The automatic belt systems also had the disadvantage of being fiddly, unreliable and complex. While the airbag is not as effective without belts, its much more reliable, and much less complex mechanically than automatic seatbelts.
That's hardly the only piece of tech the car companies have fought. Air bags and shoulder seat belts, among other things. The National Highway Traffic Safety Act of 1966 appears to be pretty universally cited as the turning point from a rapidly increasing rate of automative deaths to a dramatic, sustained drop over the next few decades.
>Because humans, without regulation, don't value vehicle safety.

Judging from everybody I've seen texting while driving, NO, they don't.

You keep using this word, totalitarianism. I don't think it means what you think it means.

I mean, seat belt laws are totalitarian? That's kind of insulting to the victims of totalitarianism everywhere...

I am painfully aware of what totalitarianism is... Should I not talk about it and warn against it until it's undeniably here? Sometimes it is very hard to figure where you would draw the line on political influence.
Telling a car manufacturer to design a vehicle that doesn't kill it's occupants ishardly totalitarianism. Calling it such does a disservice do everyone by conflating helpful laws with actually totalitarian things the government does.
>I am painfully aware of what totalitarianism is... Should I not talk about it and warn against it until it's undeniably here?

No, you should just avoid the slippery slope fallacy.

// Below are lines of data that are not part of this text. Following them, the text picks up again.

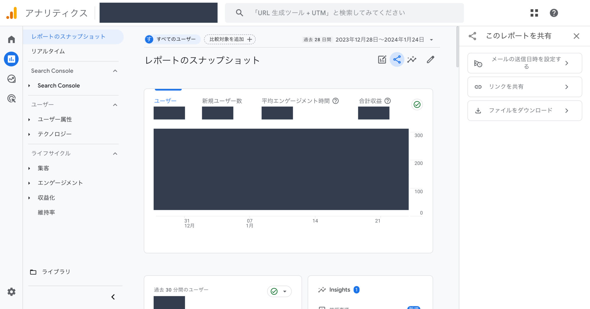 アナリティクスの管理画面からレポートを開き、右上のアイコン(このレポートの共有)をクリックし、ファイルをダウンロードをクリックします。
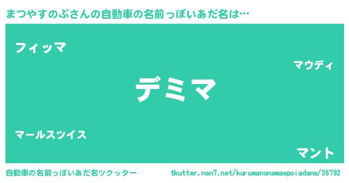 | 胡散臭い通販商品みたいなあだ名 | 『来世でも幸せになれる水素水…その名も「まつやすのぶ」』 |
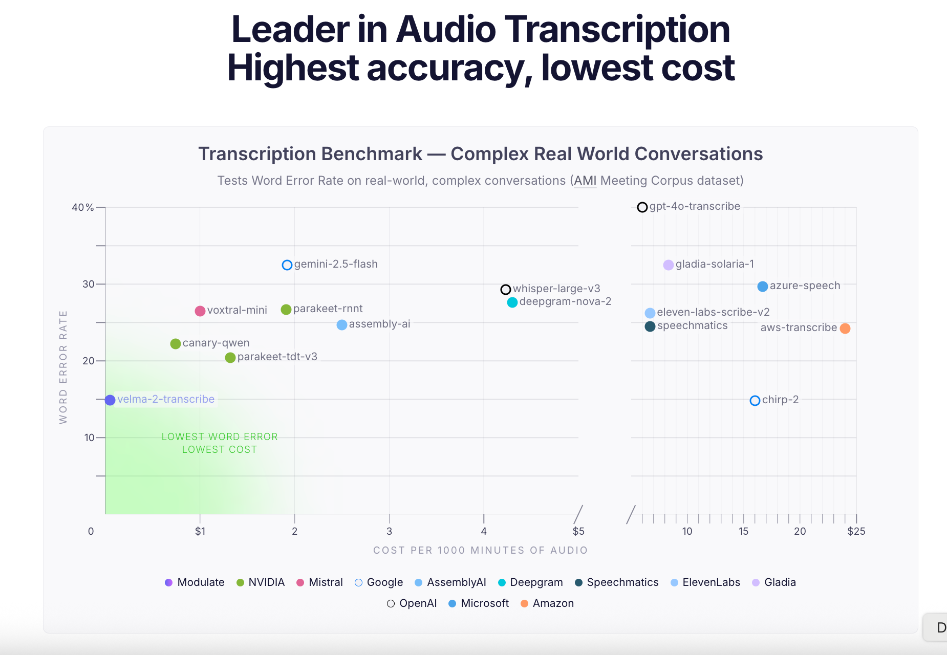 Real conversations, real results. Trained on over 500 million hours of conversational speech, Velma achieves 14.9percent Word Error Rate on the AMI Meeting Corpus benchmark and transcribes effectively in many real world scenarios.

BUCKLE YOUR STALINBELTS. TAXES ARE THEFT. FREEDOM IS SLAVERY, UNDERSTANDING IS IGNORANCE, ETC.
And I can almost guarantee that this has negatively effected the purchasing power of those least well off in the EU. Along with other various detrimental unintended consequences. Which is why, morally, this is wrong through force. If I want to eat growth-hormone free meats, that's my choice. This "net-good" talk is nonsense.
>And I can almost guarantee that this has negatively effected the purchasing power of those least well off in the EU

And I can guarantee absolutely that purchasing power is not the be all end all, and that leaving it all to the free market and "if I want X, it's my choice" creates more issues than it solves. For example, nobody labelling what they sell as X (but as X+, the better variety), without legislation to prevent them.

And the same argument goes to BS like avoiding vaccination and people teaching Creative Design to their kids.

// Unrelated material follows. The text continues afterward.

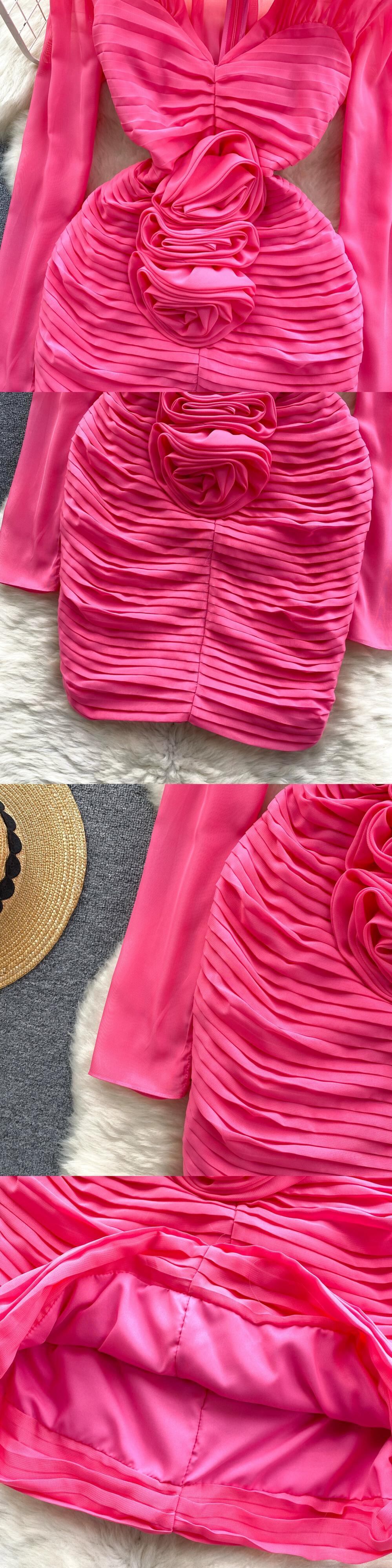 フランスの高級ドレス、レディライクなスタイル、高級ニッチ、立体花柄プリーツスリムフィットヒップスカート、気質ドレス女性 lyxaj42114030986

All I see when I read that is, it should be my choice to kill hundreds of millions of people. This is about more than say the deaths from say the Holocaust, this is about more lives than where lost in all of WWI and WWIII combined.

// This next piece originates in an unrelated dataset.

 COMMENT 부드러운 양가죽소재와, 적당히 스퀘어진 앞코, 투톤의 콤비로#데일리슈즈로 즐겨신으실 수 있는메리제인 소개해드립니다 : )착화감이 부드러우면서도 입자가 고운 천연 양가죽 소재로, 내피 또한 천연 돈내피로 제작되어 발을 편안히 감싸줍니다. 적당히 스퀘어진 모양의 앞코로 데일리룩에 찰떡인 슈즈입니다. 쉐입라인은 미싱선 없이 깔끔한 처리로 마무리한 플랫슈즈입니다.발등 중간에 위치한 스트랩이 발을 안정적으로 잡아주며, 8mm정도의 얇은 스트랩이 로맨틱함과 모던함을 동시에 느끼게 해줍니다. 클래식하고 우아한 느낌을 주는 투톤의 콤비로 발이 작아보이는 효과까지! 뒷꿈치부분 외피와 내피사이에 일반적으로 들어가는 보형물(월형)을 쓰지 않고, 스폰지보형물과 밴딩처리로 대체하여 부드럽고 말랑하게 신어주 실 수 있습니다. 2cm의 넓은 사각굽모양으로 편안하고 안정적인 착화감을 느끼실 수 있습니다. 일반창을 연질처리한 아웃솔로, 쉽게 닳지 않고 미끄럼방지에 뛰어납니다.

Antibiotics have already saved ~200 million lives, 80% of their use is in livestock, and they are of limited long term value. A reasonable guess is a Billion+ lives hang in the balance.

Can you honestly say cheap meat is morally worth the antibiotic resistance and animal cruelty it often leads too? When did cheap meat become a right?
And, as usual, you are quickly pulled into the straw-man: "well if you don't want government to solve it, than you don't want it solved". I don't want to forcefully deprive the poor of food, that is true. I don't really want to forcefully do anything.

We convinced millions of people they'll feel better if they don't eat gluten. An entire cottage industry created. All without force. All without the influence of politics and fallible men.

> We convinced millions of people they'll feel better if they don't eat gluten. An entire cottage industry created. All without force. All without the influence of politics and fallible men.

How do you make the logical leap from "a big diet fad happened" to "the FDA is redundant and evil?"